INPUT DATA.
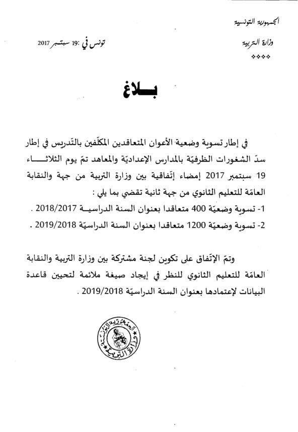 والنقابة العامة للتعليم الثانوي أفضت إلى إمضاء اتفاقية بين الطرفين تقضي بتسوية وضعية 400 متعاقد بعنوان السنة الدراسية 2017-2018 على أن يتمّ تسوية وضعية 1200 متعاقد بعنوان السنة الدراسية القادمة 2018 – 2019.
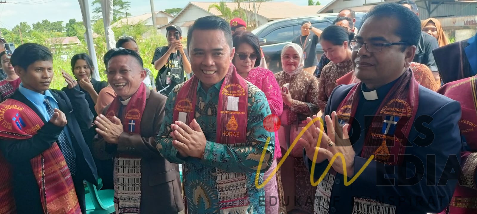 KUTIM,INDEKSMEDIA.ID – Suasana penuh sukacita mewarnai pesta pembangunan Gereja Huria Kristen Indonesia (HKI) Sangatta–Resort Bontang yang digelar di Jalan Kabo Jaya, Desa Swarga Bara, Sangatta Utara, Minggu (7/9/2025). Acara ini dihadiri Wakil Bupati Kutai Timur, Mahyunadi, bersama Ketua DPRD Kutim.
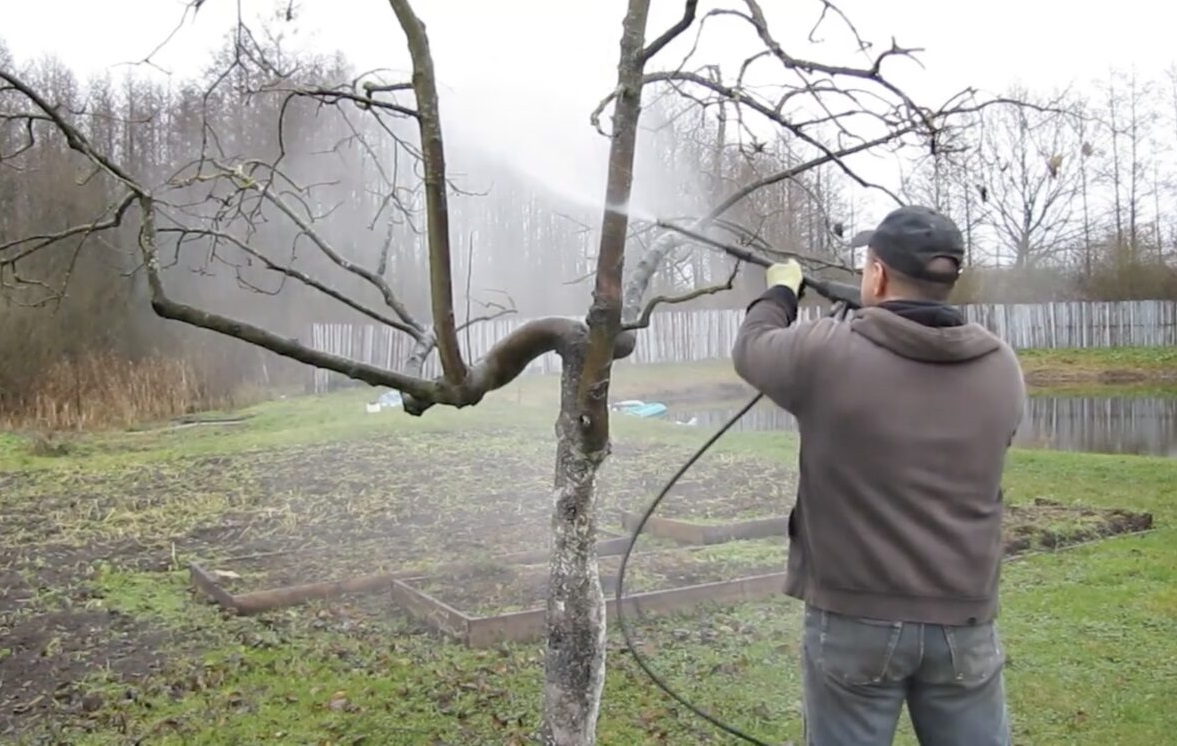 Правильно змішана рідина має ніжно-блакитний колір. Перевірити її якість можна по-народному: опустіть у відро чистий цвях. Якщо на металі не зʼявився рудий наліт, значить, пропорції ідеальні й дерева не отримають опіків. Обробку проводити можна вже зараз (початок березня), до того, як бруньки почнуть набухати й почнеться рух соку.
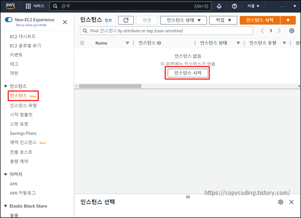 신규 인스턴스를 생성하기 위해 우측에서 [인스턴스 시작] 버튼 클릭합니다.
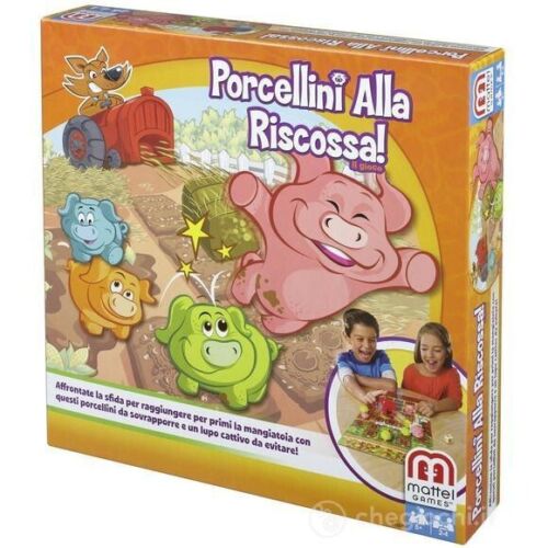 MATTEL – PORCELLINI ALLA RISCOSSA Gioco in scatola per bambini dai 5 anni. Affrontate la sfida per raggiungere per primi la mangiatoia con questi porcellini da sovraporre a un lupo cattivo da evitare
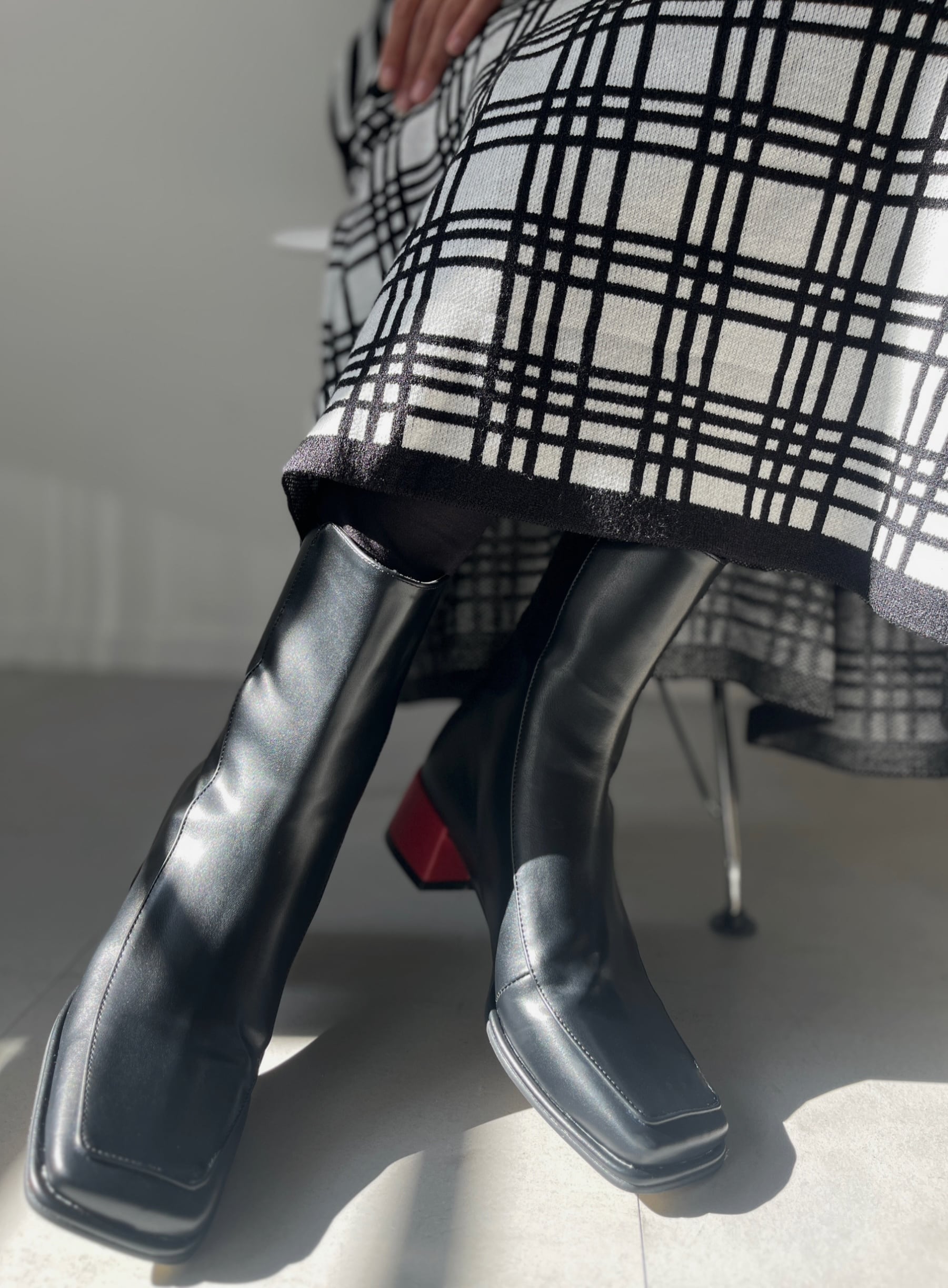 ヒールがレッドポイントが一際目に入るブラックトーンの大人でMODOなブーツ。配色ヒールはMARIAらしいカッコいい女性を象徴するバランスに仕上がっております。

EXERCISE PROMPT. Your copy must begin at the line containing "MATTEL – PORCELLINI" and end at the last line of the material above. Reproduce each line exactly, but not the pictures.

OUTPUT FOR THIS TASK.
 MATTEL – PORCELLINI ALLA RISCOSSA Gioco in scatola per bambini dai 5 anni. Affrontate la sfida per raggiungere per primi la mangiatoia con questi porcellini da sovraporre a un lupo cattivo da evitare
 ヒールがレッドポイントが一際目に入るブラックトーンの大人でMODOなブーツ。配色ヒールはMARIAらしいカッコいい女性を象徴するバランスに仕上がっております。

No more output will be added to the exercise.